Екатерина Ивановна ничего не ответила и отправилась жарить мужу глазунью и крошить помидоры на салат. А когда сели ужинать, спросила:

– Может тебе опять сны записывать? Может, они и нам чего подскажут?

– Расстраиваюсь я с этих снов.

– Так они всякие бывают. И плохие, и хорошие.

– Ну? – смотрит на неё Червоткин, и не понимает, куда Екатерина Ивановна клонит. А то, что клонит – уже и без слов понятно.

– Ты хорошие записывай. Сны-то. Легко на душе – записывай, когда наоборот – не пиши, – предложила Екатерина Ивановна.

И тетрадь с ручкой – на тумбочку, рядом с кроватью. Вот какая настырная.

Что делать? Филипп Петрович снова сон записал. И то сказать – хороший сон попался. Ясный такой, солнечный. Как будто Червоткин – в школе учителем.
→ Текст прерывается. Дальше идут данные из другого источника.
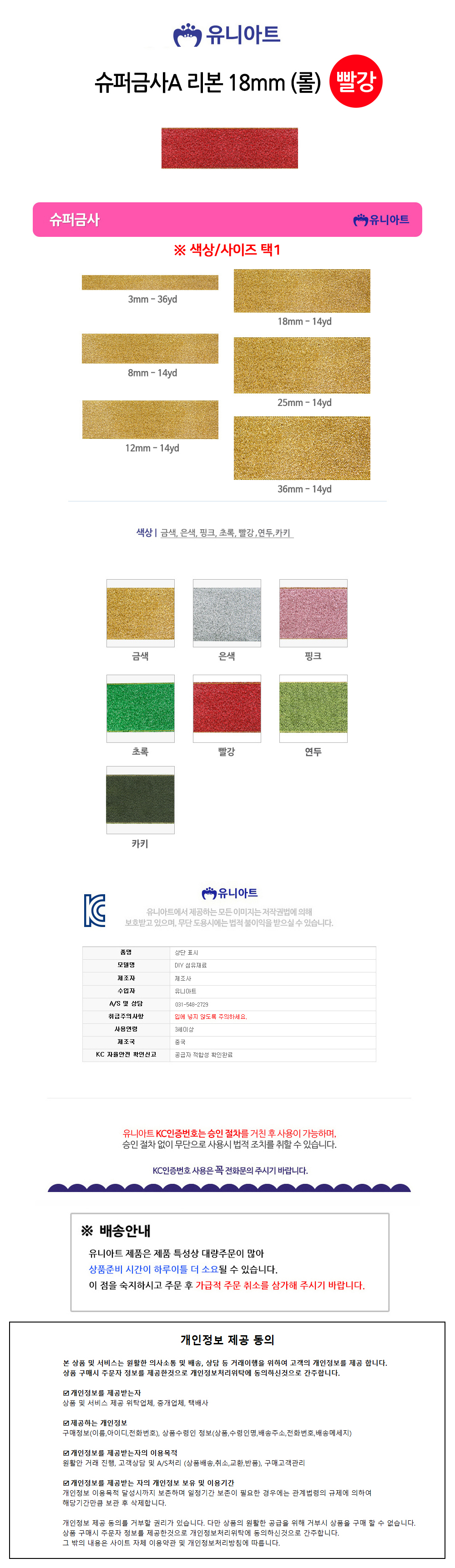 [상품명 : YTU-17035 (리본) 슈퍼금사A 리본 18mm (빨강) (롤)]

Класс – небольшой, детей – человек пять-семь, не больше. Все улыбаются, девочка впереди сидит, руку тянет. Только одного ученика Червоткин с урока выгнал, в самом начале, он и лица его не запомнил.

Дело было в субботу, Екатерина Ивановна по дачникам трудилась, уколы ставила, и Червоткин свой сон прочитал Илюхе. Сначала про жёлтую реку, потом про школу. И про аварию на реке рассказал.

Смотрит – а Ильюха загрустил. Про меня, говорит, твой сон последний.

– Это как? – ещё больше изумился Червоткин.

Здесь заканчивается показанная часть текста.